The connection between natural sources of methane – from the stomachs of cows and other ruminants to termites to swamp mud – already get factored in to modern greenhouse-gas calculations. Still, while Brontosaurus burps or emissions via other, more-egregious, violations of good manners trigger giggles, such calculations also suggest “that the feedback between animals and climate is a little tighter than we tend to think it is today,” Dr. Smith says.

For Dr. Wilkinson and colleagues, it's all about the microbes in a ruminant's digestive tract.

The bacteria would have had a lot to process. Sauropods still hold the record for largest land animals in the planet' s 4.6 billion-year history. From nose to tail tip, they ranged in length from 20 feet to 112 feet. One member of the group, Amphicoelias fragillimus, is thought to have spanned 190 feet and weighed up to 135 tons.

Based on the fossil record, many of these creatures sported teeth better suited for stripping vegetation than for long sessions of contemplative chewing. No “stomachs” in these animals. Researchers speak instead of fermentation chambers.

For their estimate, Wilkinson and colleagues settled on 10 22-ton sauropods to every 250 acres of land. Increased warmth, moisture, and CO2 levels would have sustained far more vegetation than does today's climate.

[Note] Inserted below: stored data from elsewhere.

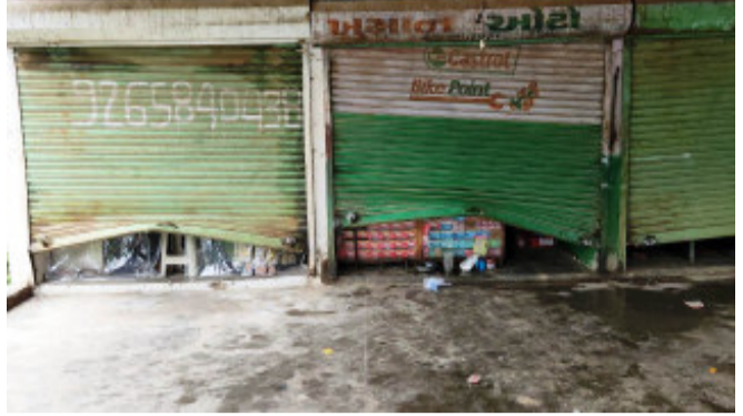
તેમાંથી રોકડ રકમ તથા સામાનની ચોરી કરી હતી. ત્યારબાદ આ તસ્કરો નજીકની વહીવટનગર સોસાયટીમાં

ઘોઘંબા, ઘોઘંબા નગરમાં ગતરાત્રે તસ્કરોએ હાઈસ્કુલ સામે આવેલ શોપીંગ સેન્ટરની દુકાનો જીમ તથા બે મકાન મળી કુલ ૧૦ જગ્યા ઉપર તાળા તોડી હજારોની મત્તા ચોરી કરાઈ ચર્ષજતા નગરજનોમાં ફફડાટ ફેલાયો હતો. ગત રાત્રે ૩:૦૦ વાગ્યાના સમયે ઘોઘંબા નગરવાસીઓ વરસાદના કારણે મીઠી નીંદર માણી રહ્યા હતા. તે દરમિયાન કેટલાક યુવાન દેખાતા ઈસમોએ એસ.એચ.વરીયા હાઈસ્કુલ સામે આવેલ શોપીંગ સેન્ટરની દુકાનોના તાળા તોડી શટલ ઉઠ્યા કરી
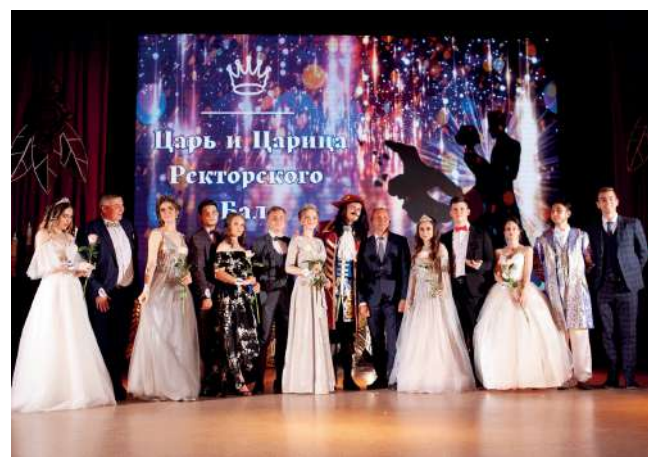
На традиционном ректорском балу ежегодно собираются самые лучшие студенты

Это даже не профессия, нет, ректор – это образ жизни. И иначе нельзя, ведь под Вашим руководством только крепнет и с каждым днем расцветает наш вуз. Вуз, где студенты приобретают разносторонние знания и становятся настоящими профес-
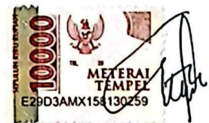
Agnes Nona Sio Atawuwur
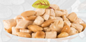
206. POLLO ALLE MANDORLE €6,00
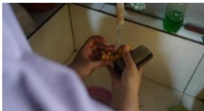
Gambar 4. Proses Pencucian Jahe
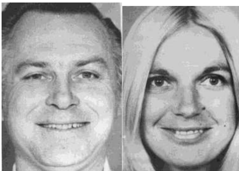
Рис. 5.16. Повна експресія радості

На рис. 5.16 представлена міміка радості помірної інтенсивності.
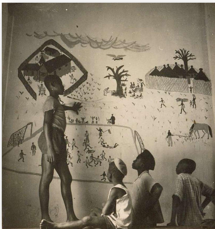
Mission de Fort Archambault-1955
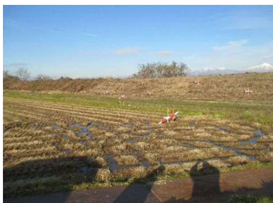
仮堤防設置箇所丁張り状況①
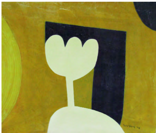
Flor branca Acrílico sobre táboa 55 x 46 cm 2007
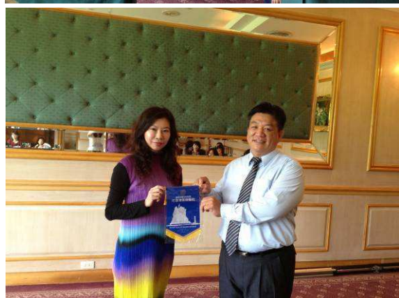
內輪會會長代表致贈社旗感謝主講人
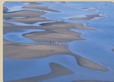
干潟等、環境資源として貴重ななぎさ (新舞子海岸)

Given the behemoths' appetites, the team estimated that all the sauropods on the planet would have produced a combined 520 million tons of methane a year, compared with between 50 million and 100 million tons for today's ruminants.

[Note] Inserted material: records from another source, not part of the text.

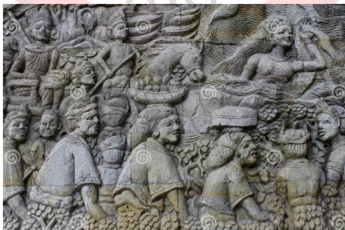
Gambar 1.3 Contoh ukiran putri Mandalika khas Sasak

Budaya Lombok khususnya Suku Sasak, sangat memiliki nilai-nilai lokal yang kuat, mencerminkan hubungan harmonis antara manusia, alam, dan spiritualitas. ArSitektur tradisional Sasak seperti Bale Tani, Bale Lumbang, dan Berugak, tidak hanya berfungsi sebagai tempat tinggal, tetapi juga filosofi hidup dan simbol identitas budaya. Ciri khas arSitektur Lombok tampak pada bentuk atap menyerupai tumpeng terbalik yang melambangkan kesakralan dan hubungan manusia dengan alam semesta. Interior rumah tradisional juga banyak dihiasi dengan ukiran bermotif flora, fauna, dan simbol religius yang sarat makna, seperti ukiran Putri Mandalika. (Wahyudi & Wikantiyoso, (2021))
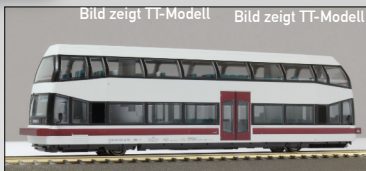
Bild zeigt TT-Modell
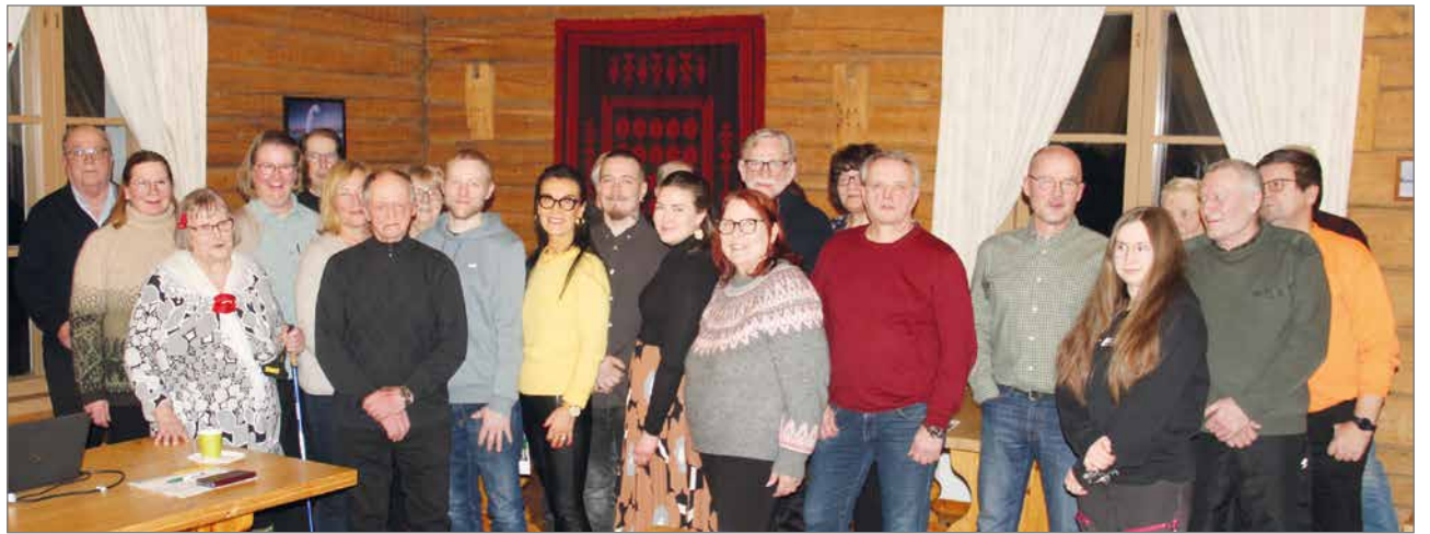
Liepeen pappilan Väentupaan oli torstai-iltana kokoontunut 35 kuulijaa.

Keskustan tavoitteena on taata lasten ja nuorten tasa-arvoisen koulutautumisen sekä varmistaa kaikkien kuntalaisten hyvinvointi liikkunnan ja kulttuurin parissa laajasta kunta-alueesta hu-

Even if sauropod emissions only amounted to 260 million tons a year, the methane still would have had a significant climate effect, according to the team.

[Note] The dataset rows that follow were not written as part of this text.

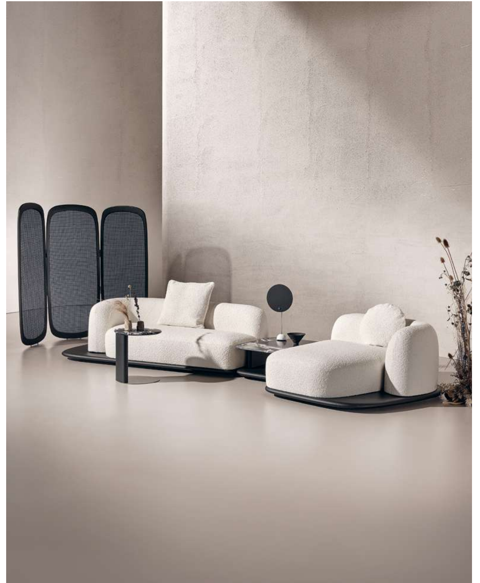
EN Dune Sofa in bouclè B01 fabric with absolute black ash wood base and coffee table and Nero antico marble top. Drop Coffee Table with absolute black ash wood structure, Nero antico marble top and luxor titanium metal base. Cloud Complement with absolute black ash wood structure and black Vienna straw.
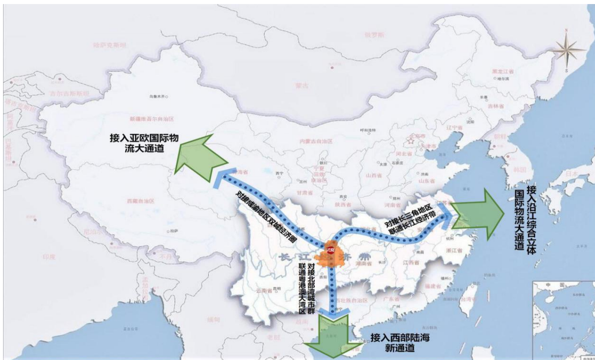
图3 武隆区主要物流通道示意图

际物流大通道；东向对接长三角地区、联通长江经济带，接入沿江综合立体国际物流大通道；对接南向北部湾城市群、联通粤港澳大湾区，接入西部陆海新通道。融入全球航空物流大通道网，加快丰富仙女山机场航线网络，强化与重庆江北国际机场、黔江机场合作，积极对接国内各大航司，积极筹划仙女山机场扩建和临时开放，打造国际旅游航空枢纽，接入连通全国、辐射全球的航空物流大通道网络。对接渝东南、渝东北、黔北等周边地区，形成物资集散分拨配送的区域性物流通道。
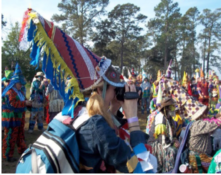
Figure 5. Observation participante du Courir du Mardi gras en costume traditionnel.

gras, reposée et rassasiée, reprend la route, toujours dans la fête, la musique, les chants et, pour plusieurs, en buvant de l'alcool.
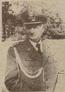
wówczas działo na terenie zamku w Miednikach.

Tej uroczystości towarzyszył piękny śpiew zespołu „Rudomianka”, który rozpoczął pieśnią „Boże coś Polskę”, a zakończył poniekąd drugim hymnem „Nie rzucim ziemi sądz nasz ród”. Właśnie tę pieśń w tym miejscu w lipcu 1944 r. zaśpiewali akowcy przed wywiezieniem do Kaługi.
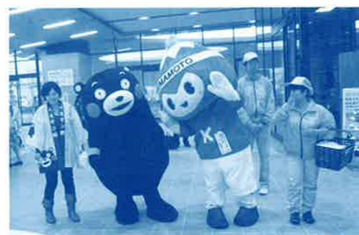
熊本駅では多くのお出迎えがありました

現在、高知大会のPRのため、広報キャラバ ン隊が県内各地を回っていますので、「くろし おくん」を見つけたら、ぜひ応援の声をお掛け ください!
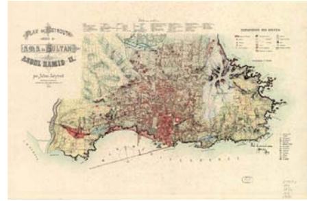
Plan de Beyrouth sous le règne du Sultan Abdel Hamid II (1876-1909), durant l'Empire Ottoman
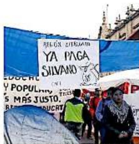
Las confrontaciones con el gremio docente han sido por la irregularidad en pagos / archivo

El mandatario estatal afirmó que tras casi 10 meses de arduo trabajo para la federalización de la nómina finalmente podrían terminarse las confrontaciones con el gremio
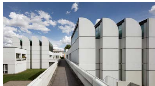
Das Bauhaus-Archiv / Museum für Gestaltung, Berlin, 2015

The work represents a “proof of concept,” Wilkinson and colleagues write in the paper detailing their results in Tuesday's issue of the journal Current Biology.

But it resonates with Smith. In 2010, she and colleagues from the Los Alamos National Laboratory and the Smithsonian Institution's National Museum of Natural History calculated that the relatively sudden die-off in large-bodied plant eaters – mastodons, giant sloths, and other large animals – within about 1,000 years of humans' large-scale arrival in the Western Hemisphere corresponded with a decline in atmospheric methane.

This decline came at the beginning of a cool period that lasted a little more than 1,000 years – called the Younger Dryas. Smith's team estimated that the loss of large plant eaters in North and South America could have accounted for at least 12.5 percent of the methane decline, and perhaps all of it.